Одна из главных московских панк-групп, «Брешь безопасности», возникла не в последнюю очередь благодаря тому, что Борис Рудкин похвастался перед Виктором Кугальнеком, сказав, что знаком с Летовым, хотя на самом деле это было не так:
«Не помню, почему я подошёл к нему, может быть, у него был значок „Гражданской обороны“. Я к нему подхожу и говорю: „Ага, вот ты „Гражданку“ слушаешь, а я с Егором Летовым знаком“. Хотя я врал безбожно, тогда ещё я с Летовым не был знаком, но общих знакомых была куча, так что я не сильно соврал. <…>
Для семнадцатилетнего парня чувак, который говорит, что знаком с Егором Летовым и у которого уже реально два номера журнала самиздатовского, — это авторитет страшный. И вот я ему говорю: давай делать группу — ты будешь петь и играть на акустической гитаре три аккорда, а я твой „Урал“ включу в „Электронику-302“, передвину тембр и громкость на максимум, и так получится фуззяра, и вот это вот правильно, это самое крутое, настоящий русский панк-рок. И он на это согласился».
Константин Мишин добавляет:
«„Гражданская оборона“ шагала по стране, Летов во всех интервью сообщал, что умение играть — говно, надо идею, посыл! Поэтому, наверное, с панк-рока всё и началось.
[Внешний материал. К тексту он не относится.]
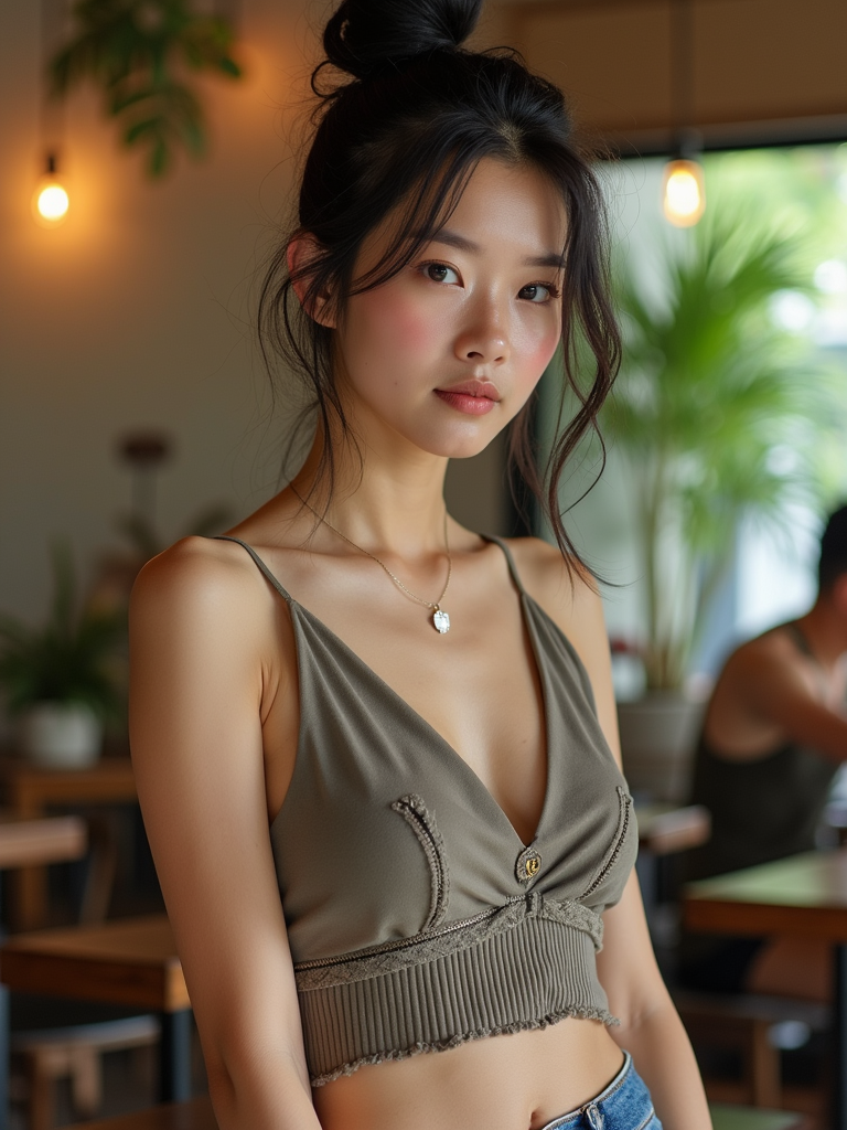 model in chic cafe outfit at trendy Canggu cafe with tropical minimalist decor

Поскольку это было проще всего и позволяло уверенно себя чувствовать».
Далее на страницах 130—254 в адрес Летова звучит целый комплекс полемичных замечаний, в том числе связанных с его участием в ныне запрещённой НБП Эдуарда Лимонова:
«Чудовищный выброс, случившийся в начале девяностых, испугал даже былых приверженцев анархии: Егор Летов не нашёл ничего лучше, чем запеть „Интернационал“».
«У всех была адская каша в головах — Летов, который всегда протестовал против коммунистов, вдруг резко стал коммунистом».
«Летов и компания — это же озверевшие хиппи, преследуемые идеями психоделической революции и возвращения к природе».
«Летов сменил свою суицидальность восьмидесятых на картонный пропагандистский оптимизм девяностых».
«Летова поддерживает группа пробивных единомышленников, лучшие концептуальные умы отечественной контркультурной журналистики дуют его на слона».
«Летов — гениальный поп-композитор, а не поэт».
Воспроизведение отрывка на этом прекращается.